[Stored entries]
□ □ □

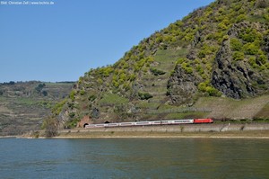 Traditionell fahren die meisten Fernverkehrszüge auf der linken Rheinseite, rechts verkehrten nur wenige saisonale InterCitys. Bei Bauarbeiten kommt es aber gelegentlich zu Umleiterverkehr.
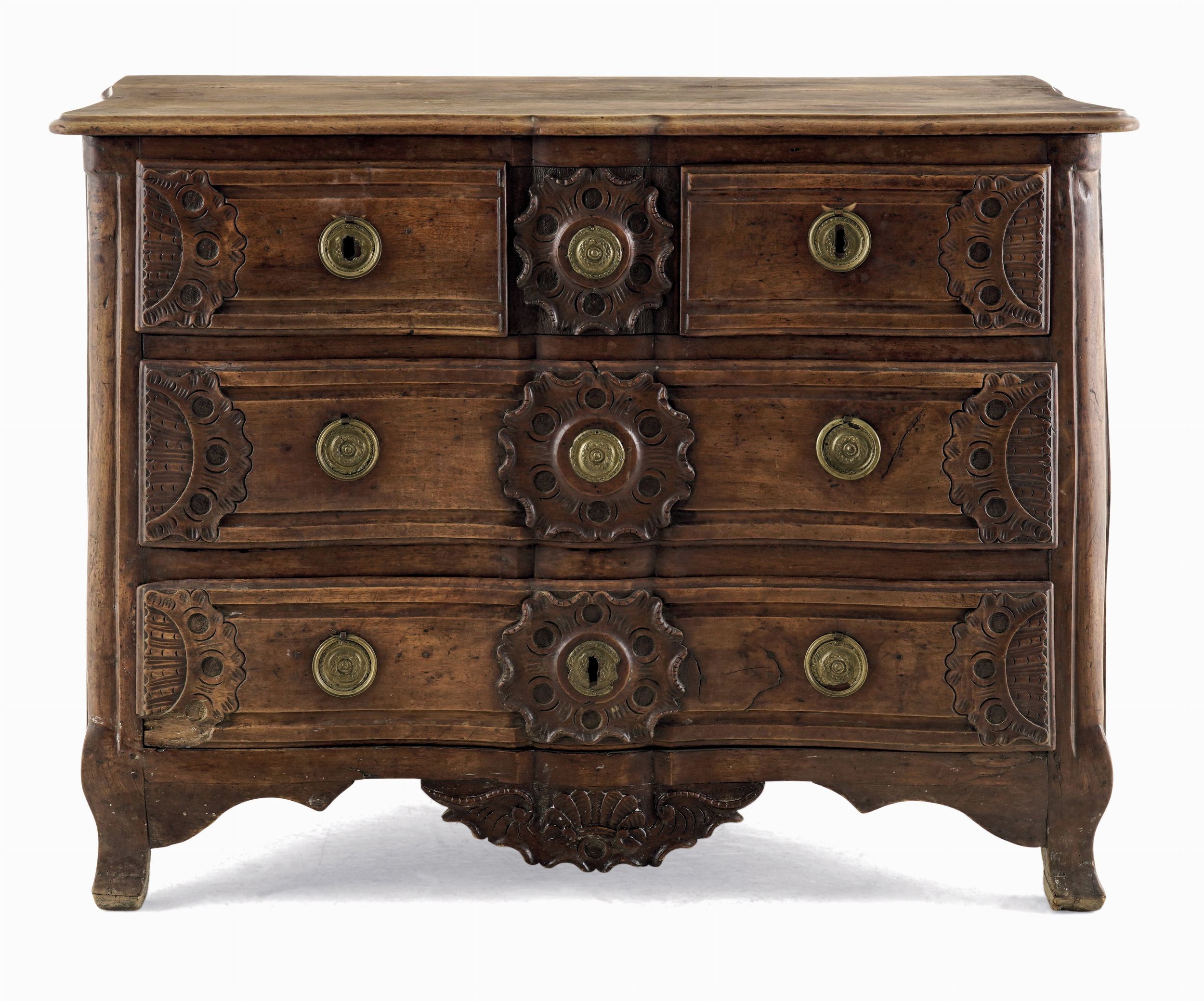 Cassettone in noce intagliato. Francia, XVIII secolo
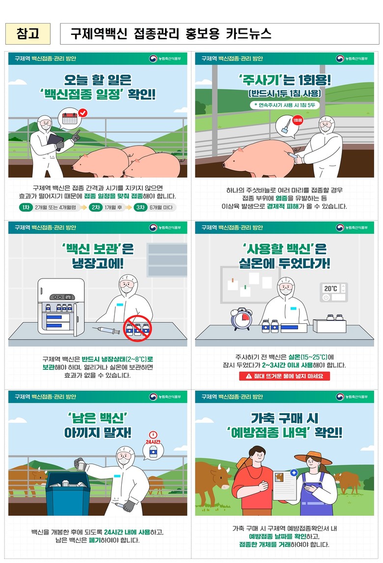 접종 지원은 9월 1일부터 추진 중이며, 접종 후 4주가 지나지 않은 개체나 임신 말기(7개월~분만일)에 해당해 일제접종 유예를 신청한 소는 제외된다.
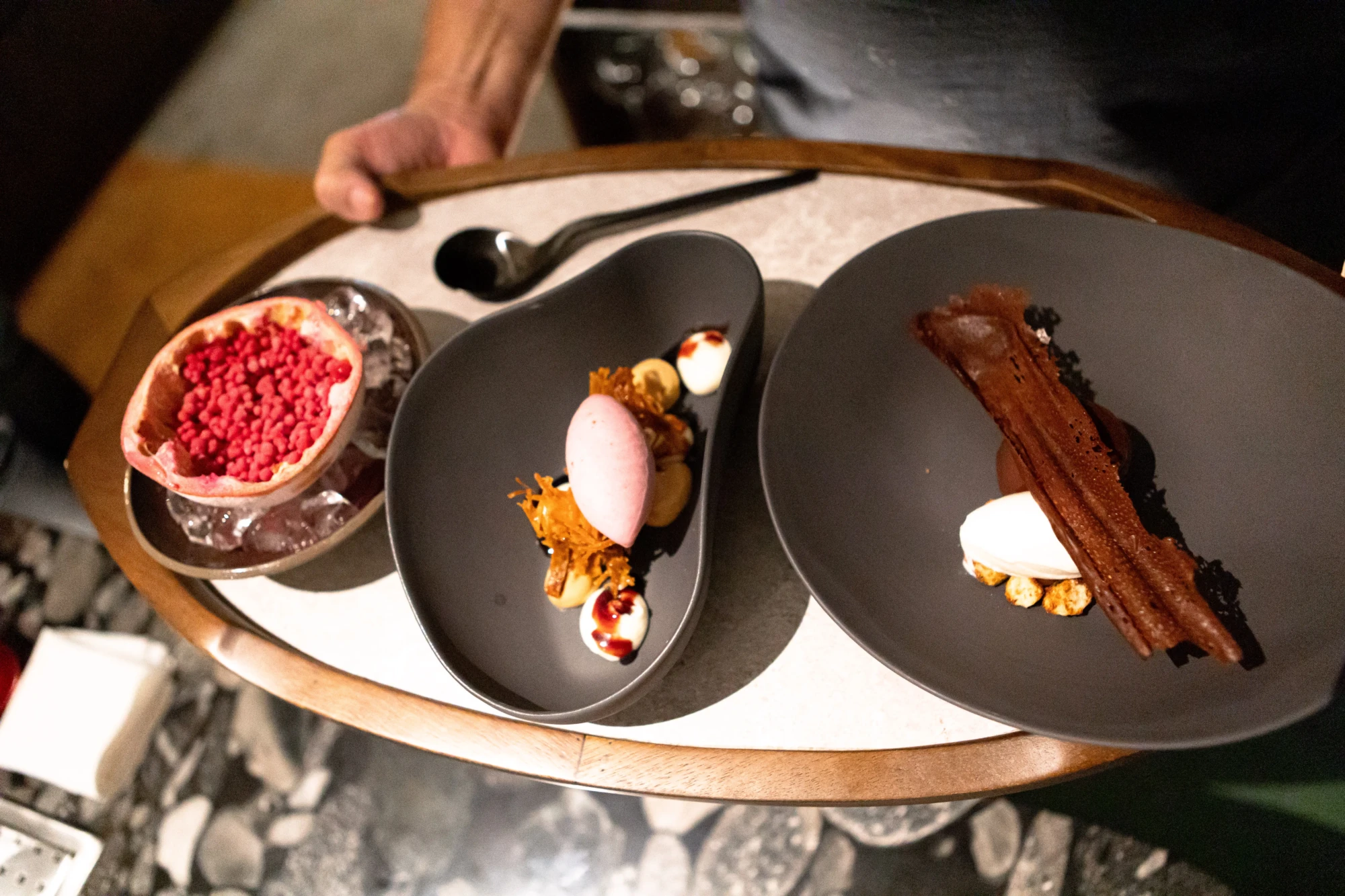 “É 245 reais, mas o nível de produto que você está comendo é um espetáculo”, afirma o chef. As sobremesas seguem uma lógica própria: uma etapa láctea, uma de chocolate e outra de fruta, compondo um percurso completo.
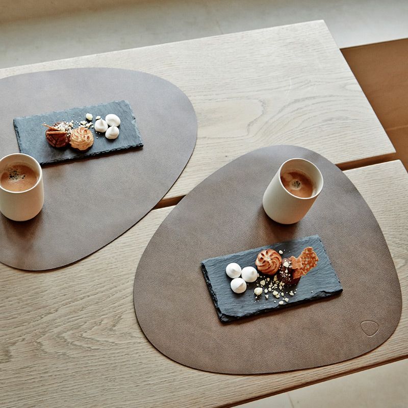 LIND DNA TABLE MAT CURVE ist ein nachhaltiges Lifestyle-Produkt aus recyceltem Leder. TABLE MAT CURVE ist ein traditionelles Tischset in einer organischen Form mit dem Namen "CURVE", die in Dänemark entworfen und hergestellt sind. Die CURVE-Form ist sowohl dekorativ als auch praktisch, da sie keinen unnötigen Platz auf dem Tisch einnimmt und sich leicht reinigen lässt. TABLE MAT CURVE ist in verschiedenen Lederoberflächen und Farben erhältlich, weshalb sie beim Styling Ihres Tisches und Ihres Zuhauses endlose Möglichkeiten bieten. Mit mehr als tausend verschiedenen Variationen von Oberflächen, Formen und Farben bieten wir die größte Auswahl an Tischsets aus recyceltem Leder auf dem internationalen Markt an. Entworfen und hergestellt in Dänemark.
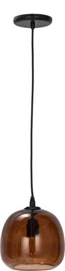 - A round and elegant glass and metal pendant lamp that has an amber color and a smooth finish that adds a warm and cozy touch
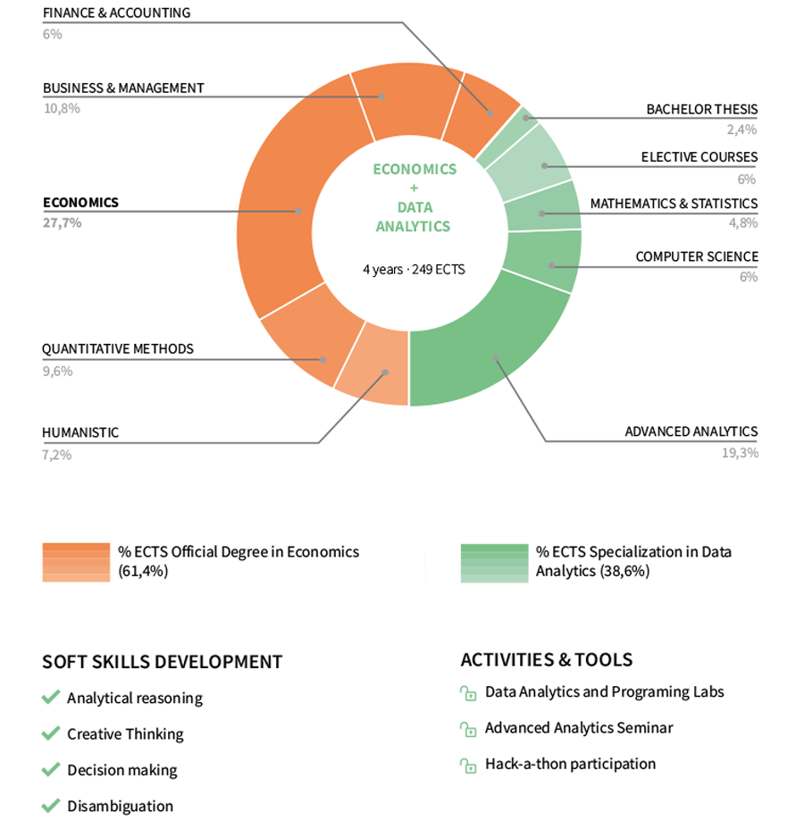 Graduates have knowledge of quantitative analysis and prediction models and advanced technological tools. In addition, they should have a profound understanding of today’s economic and business world, whether they have studied Economics or Business Administration. Through this double training program, students will become professionals who are capable of identifying problems and offering technological solutions.
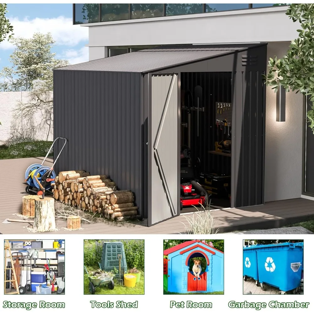 Keep your outdoor space organized with this 6′ x 8′ lean-to metal storage shed, designed to fit neatly against a wall or fence for space-saving convenience. Its compact yet spacious layout makes it ideal for storing bikes, gardening tools, lawn equipment, and patio essentials.
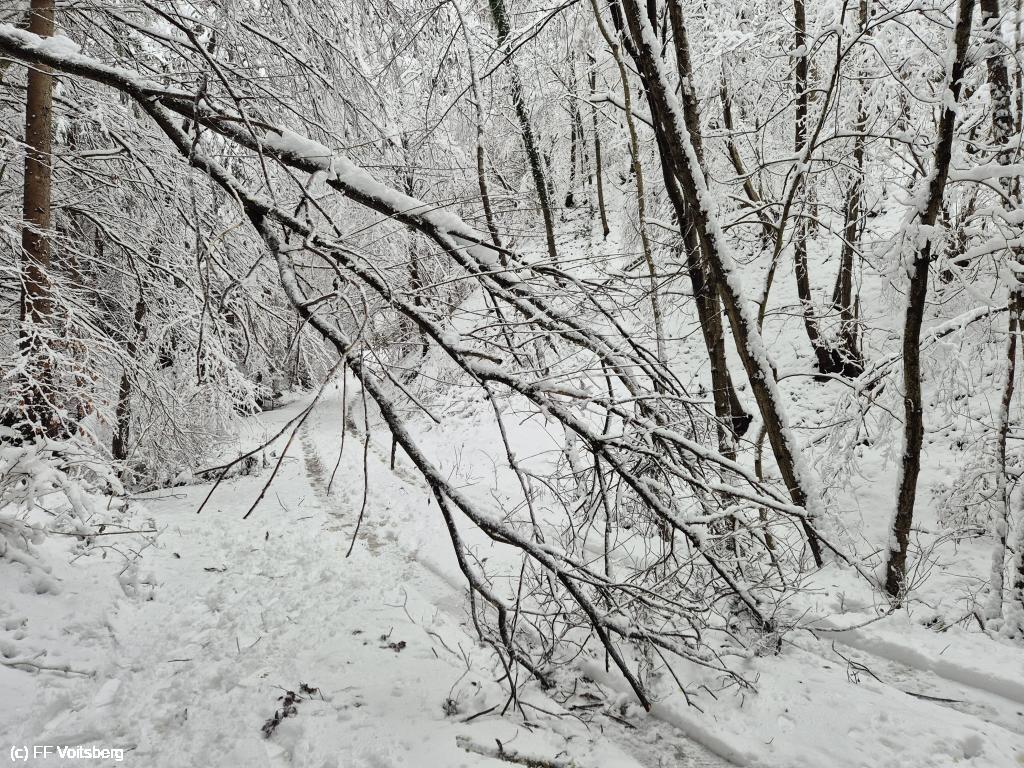 VOITSBERG, am 25.12.2025 Am heutigen Christtag beschäftigten uns mehrere umgestürzte Bäume im Ortstteil Tregist. Ein Wohnhaus "Am Alststeig" war von der Außenwelt abgeschnitten und konnte nur über einen längeren Fußmarsch erreicht werden.
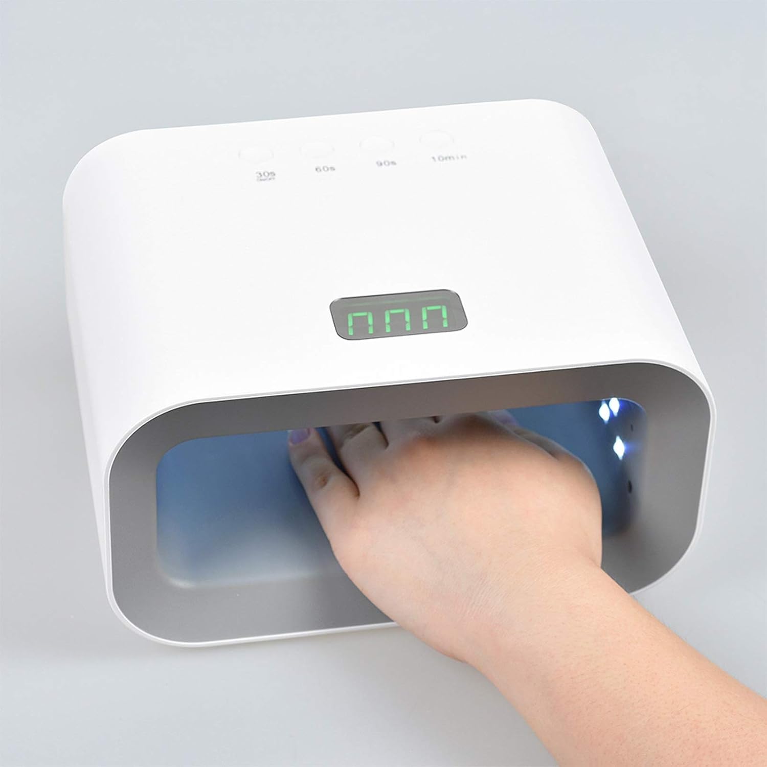 Specifications:: 90W High Power Nail Lamp Light Beads Qty: 30pcs light beads 365+405nm (Nail Gel Drying Lamp)30pcs red light beads 630nm (Skin Care Whitening) Power: 90W (max)Size: 213*120*100mmMaterial: PC, ABSColor: WhiteDigital Time Display Features:New upgrade designs, smart infrared sensor, save time and efforts.30 high-power lamp beads are distributed around, quick drying all gels in seconds.60Pcs light beads, half for nail drying, the others for skin whithning.Smart over-temperature protection, makes you comfortable during the curing time. New Whitening mode. Daily 10 min can improve your skin color. New shape design, more delicate and convenient than traditional lamp.Our Smart Sensor technology automatically turns on the lamp when you insert your hand and turns it off when you take it out Our LED Lamp for Gel Nails is compatible with all gel nail polish types
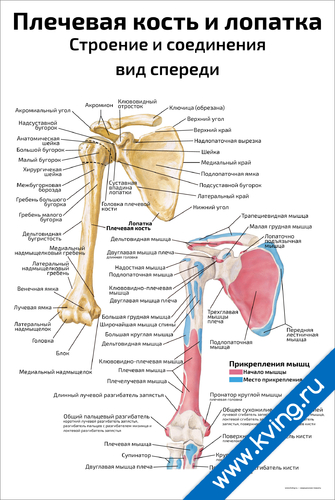 Плечевая кость и лопатка, строение и соединения: вид спереди — медицинский плакат
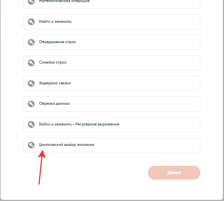 Для использования инструмента «Циклический выбор значения» вам необходимо найти инструмент в разделе «Конструктор связки» и добавить его между шагами.
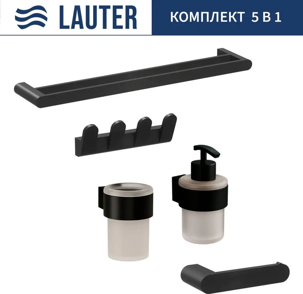 Набор аксессуаров для ванной Lauter 21TS3019 + 21TS3021 + 21TS3009 + 21TS3013 + 21TS3002 (Matt Black, 5 предметов )
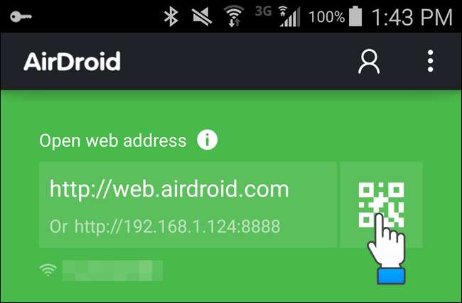 W aplikacji AirDroid wyświetlany jest adres internetowy.
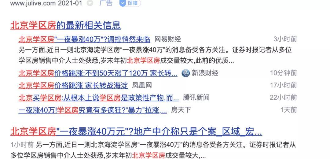 在搜索引擎上搜学区房,“北京学区房一夜暴涨40万”的消息占满最新信息。
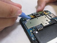 Carefully remove the camera's ribbon cable from the motherboard using the plastic removal tool.
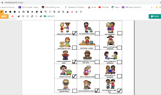 Whiteboard.fi is an online collaboration tool which allows to share ideas with others. Students learned to match pictures with their shadow thereby helping them to enhance their thinking skills using the elements of whiteboard. They also played a kindness bingo game using Whiteboard ,where the grids/boxes were filled with images of different acts of kindness. Students marked every random act of kindness they had performed.
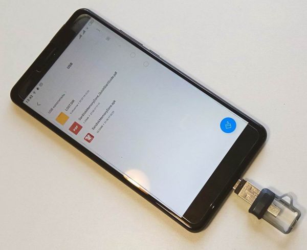 От слов к делу. Мы протестировали оба недокументированных способа подключения SanDisk Ultra Dual Drive m3.0 к смартфону на редакционном Xiaomi Mi Max 2. Как можете видеть на фотографии, адаптера размером с 50-копеечную монету вполне достаточно, чтобы флешка определилась даже на смартфоне, под который она изначально не заточена. Что немаловажно, при таком типе подключения скорость передачи данных не меняется и остается на уровне 35 МБ/с при чтении и 22 МБ/с при записи. Опять же, никакие дополнительные программы для работы с накопителем не потребуются, так что SanDisk Ultra Dual Drive m3.0 доказал свою универсальность.
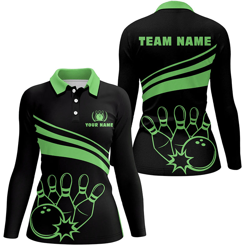 Personalized polo bowling shirts for women, custom black womens bowling shirts team bowl jersey| Green NQS6925

□ □ □

§ **YOUR INSTRUCTIONS**: From top to bottom, restate the records above exactly and omit every picture.

§ **SOLUTION**:
 Traditionell fahren die meisten Fernverkehrszüge auf der linken Rheinseite, rechts verkehrten nur wenige saisonale InterCitys. Bei Bauarbeiten kommt es aber gelegentlich zu Umleiterverkehr.
 Cassettone in noce intagliato. Francia, XVIII secolo
 접종 지원은 9월 1일부터 추진 중이며, 접종 후 4주가 지나지 않은 개체나 임신 말기(7개월~분만일)에 해당해 일제접종 유예를 신청한 소는 제외된다.
 “É 245 reais, mas o nível de produto que você está comendo é um espetáculo”, afirma o chef. As sobremesas seguem uma lógica própria: uma etapa láctea, uma de chocolate e outra de fruta, compondo um percurso completo.
 LIND DNA TABLE MAT CURVE ist ein nachhaltiges Lifestyle-Produkt aus recyceltem Leder. TABLE MAT CURVE ist ein traditionelles Tischset in einer organischen Form mit dem Namen "CURVE", die in Dänemark entworfen und hergestellt sind. Die CURVE-Form ist sowohl dekorativ als auch praktisch, da sie keinen unnötigen Platz auf dem Tisch einnimmt und sich leicht reinigen lässt. TABLE MAT CURVE ist in verschiedenen Lederoberflächen und Farben erhältlich, weshalb sie beim Styling Ihres Tisches und Ihres Zuhauses endlose Möglichkeiten bieten. Mit mehr als tausend verschiedenen Variationen von Oberflächen, Formen und Farben bieten wir die größte Auswahl an Tischsets aus recyceltem Leder auf dem internationalen Markt an. Entworfen und hergestellt in Dänemark.
 - A round and elegant glass and metal pendant lamp that has an amber color and a smooth finish that adds a warm and cozy touch
 Graduates have knowledge of quantitative analysis and prediction models and advanced technological tools. In addition, they should have a profound understanding of today’s economic and business world, whether they have studied Economics or Business Administration. Through this double training program, students will become professionals who are capable of identifying problems and offering technological solutions.
 Keep your outdoor space organized with this 6′ x 8′ lean-to metal storage shed, designed to fit neatly against a wall or fence for space-saving convenience. Its compact yet spacious layout makes it ideal for storing bikes, gardening tools, lawn equipment, and patio essentials.
 VOITSBERG, am 25.12.2025 Am heutigen Christtag beschäftigten uns mehrere umgestürzte Bäume im Ortstteil Tregist. Ein Wohnhaus "Am Alststeig" war von der Außenwelt abgeschnitten und konnte nur über einen längeren Fußmarsch erreicht werden.
 Specifications:: 90W High Power Nail Lamp Light Beads Qty: 30pcs light beads 365+405nm (Nail Gel Drying Lamp)30pcs red light beads 630nm (Skin Care Whitening) Power: 90W (max)Size: 213*120*100mmMaterial: PC, ABSColor: WhiteDigital Time Display Features:New upgrade designs, smart infrared sensor, save time and efforts.30 high-power lamp beads are distributed around, quick drying all gels in seconds.60Pcs light beads, half for nail drying, the others for skin whithning.Smart over-temperature protection, makes you comfortable during the curing time. New Whitening mode. Daily 10 min can improve your skin color. New shape design, more delicate and convenient than traditional lamp.Our Smart Sensor technology automatically turns on the lamp when you insert your hand and turns it off when you take it out Our LED Lamp for Gel Nails is compatible with all gel nail polish types
 Плечевая кость и лопатка, строение и соединения: вид спереди — медицинский плакат
 Для использования инструмента «Циклический выбор значения» вам необходимо найти инструмент в разделе «Конструктор связки» и добавить его между шагами.
 Набор аксессуаров для ванной Lauter 21TS3019 + 21TS3021 + 21TS3009 + 21TS3013 + 21TS3002 (Matt Black, 5 предметов )
 W aplikacji AirDroid wyświetlany jest adres internetowy.
 在搜索引擎上搜学区房,“北京学区房一夜暴涨40万”的消息占满最新信息。
 Carefully remove the camera's ribbon cable from the motherboard using the plastic removal tool.
 Whiteboard.fi is an online collaboration tool which allows to share ideas with others. Students learned to match pictures with their shadow thereby helping them to enhance their thinking skills using the elements of whiteboard. They also played a kindness bingo game using Whiteboard ,where the grids/boxes were filled with images of different acts of kindness. Students marked every random act of kindness they had performed.
 От слов к делу. Мы протестировали оба недокументированных способа подключения SanDisk Ultra Dual Drive m3.0 к смартфону на редакционном Xiaomi Mi Max 2. Как можете видеть на фотографии, адаптера размером с 50-копеечную монету вполне достаточно, чтобы флешка определилась даже на смартфоне, под который она изначально не заточена. Что немаловажно, при таком типе подключения скорость передачи данных не меняется и остается на уровне 35 МБ/с при чтении и 22 МБ/с при записи. Опять же, никакие дополнительные программы для работы с накопителем не потребуются, так что SanDisk Ultra Dual Drive m3.0 доказал свою универсальность.
 Personalized polo bowling shirts for women, custom black womens bowling shirts team bowl jersey| Green NQS6925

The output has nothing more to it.